While single‑crystal SnSe shows outstanding thermoelectric properties, its brittleness and the difficulty of large‑scale crystal growth hinder practical applications. Polycrystalline SnSe, fabricated by hot‑pressing or spark‑plasma sintering, offers a more manufacturable route, though reported ZT values for doped polycrystalline forms remain below 1.2. This study focuses on Bi‑doped n‑type polycrystalline SnSe, probing its anisotropic transport behavior and bipolar conduction to evaluate its suitability for module integration.

Methods/Experimental

The goal was to synthesize n‑type Bi‑doped SnSe with 0–8 % Bi and assess its thermoelectric performance. All procedures were carried out under an inert Ar atmosphere to prevent oxidation.

Fabrication of SnSe Compound by Temperature Gradient Technique

High‑purity (99.999 %) Sn and Se powders (1:1 atomic ratio) were sealed in an evacuated quartz ampoule (<10⁻⁴ Torr) and then encased in a secondary ampoule for safety. The mixture was heated to 600 °C for 30 h, then to 950 °C for 35 h, maintained for 16 h, and finally cooled slowly to room temperature. The resulting ingot measured 13 mm × 25 mm.

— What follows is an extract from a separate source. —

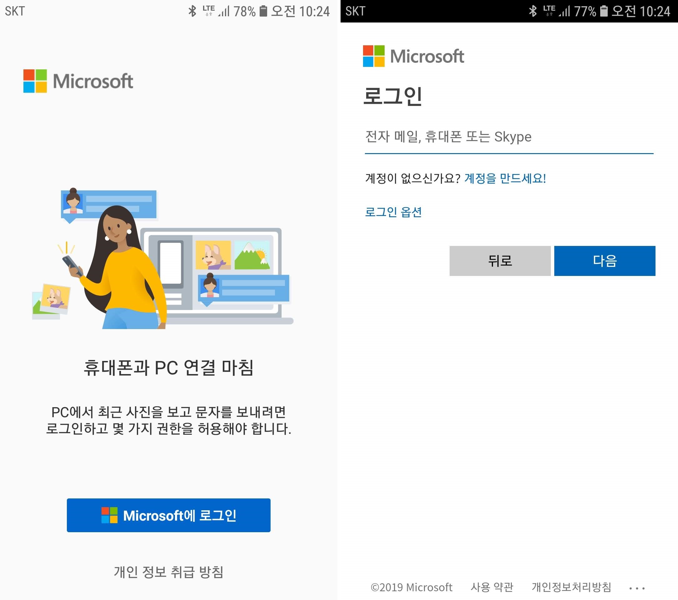 그리고, Windows 10 PC에서 로그인되어 있는 Microsoft 계정과 동일한 계정으로 로그인을 해줍니다.

Fabrication of n‑Type Bi‑Doped SnSe Polycrystalline Samples by Hot‑Press Technique

Ingot powder was ground and blended with Bi (0–8 %) for 1 h, loaded into a 13 mm mold, and hot‑pressed at 800 °C under 30 MPa Ar pressure for 30 min, producing dense pellets (13 mm × 15 mm).

Characterizations

X‑ray diffraction (XRD) measured both parallel and perpendicular to the pressing direction. FE‑SEM examined fractured surfaces. Samples were cut into 2 × 1.5 × 8 mm bars for transport measurements and 13 × 13 × 1.5 mm disks for thermal diffusivity. Electrical conductivity and Seebeck coefficient were recorded from 300 K to 773 K using a four‑probe setup under Ar. Thermal diffusivity was obtained by laser flash (model LFA‑457, NETZSCH). Mass density was derived from dimensional measurements; specific heat was taken from literature for polycrystalline SnSe. Thermal conductivity was calculated as κ = DCₚρ.

Results and Discussion

XRD patterns of the 4 % Bi sample in both orientations reveal a pure orthorhombic SnSe phase (Pnma) with minor rhombohedral Bi impurities. The strong (400) peak in the parallel orientation confirms a (h00) grain alignment along the pressing axis.

FE‑SEM images show a layered microstructure with grain sizes increasing from ~3 µm (4 % Bi) to ~10 µm (6 % Bi), indicating that Bi acts as a flux and promotes grain growth.

Transport measurements exhibit clear anisotropy: electrical conductivity is higher perpendicular to the pressing direction. For the 8 % Bi sample, σ⊥ = 12.85 S cm⁻¹ and σ∥ = 6.46 S cm⁻¹ at 773 K. Seebeck coefficients remain negative for Bi‑doped samples, confirming n‑type behavior, but display a temperature‑driven sign change (n‑to‑p transition). Transition temperatures rise with Bi content (e.g., 492 K for 2 % Bi, 730 K for 4 % Bi, 762 K for 6 % Bi). The anisotropy in transition temperature reflects differing carrier mobilities along the two directions.

Power factors are modest, peaking at 0.19 µW cm⁻¹ K⁻² for the 6 % Bi sample along the parallel direction. Thermal conductivity values are 0.81 W m⁻¹ K⁻¹ (⊥) and 0.60 W m⁻¹ K⁻¹ (∥) at 773 K for the 8 % Bi specimen, slightly higher than single‑crystal counterparts, likely due to higher diffusivity and specific heat in the polycrystalline state.

The resulting figure of merit is low (ZT = 0.025 at 723 K for the 6 % Bi sample along ∥), dominated by the small Seebeck coefficient and electrical conductivity. Nevertheless, the observed anisotropy and bipolar conduction provide insight for further optimization of polycrystalline SnSe.

Conclusions

Bi‑doped n‑type polycrystalline SnSe has been successfully produced by hot‑pressing across a range of Bi concentrations. The material displays a pronounced (h00) grain orientation, leading to anisotropic electrical and thermal transport. At 773 K, the 8 % Bi sample shows σ⊥ = 12.85 S cm⁻¹ versus σ∥ = 6.46 S cm⁻¹, and κ⊥ = 0.81 W m⁻¹ K⁻¹ versus κ∥ = 0.60 W m⁻¹ K⁻¹. A temperature‑driven n‑to‑p transition is observed, with transition temperature increasing with Bi content. The optimum doping level is 6 %, yielding a maximum ZT of 0.025 at 723 K. While the current ZT is modest, the demonstrated hot‑pressing approach offers a scalable pathway toward module‑grade thermoelectric materials.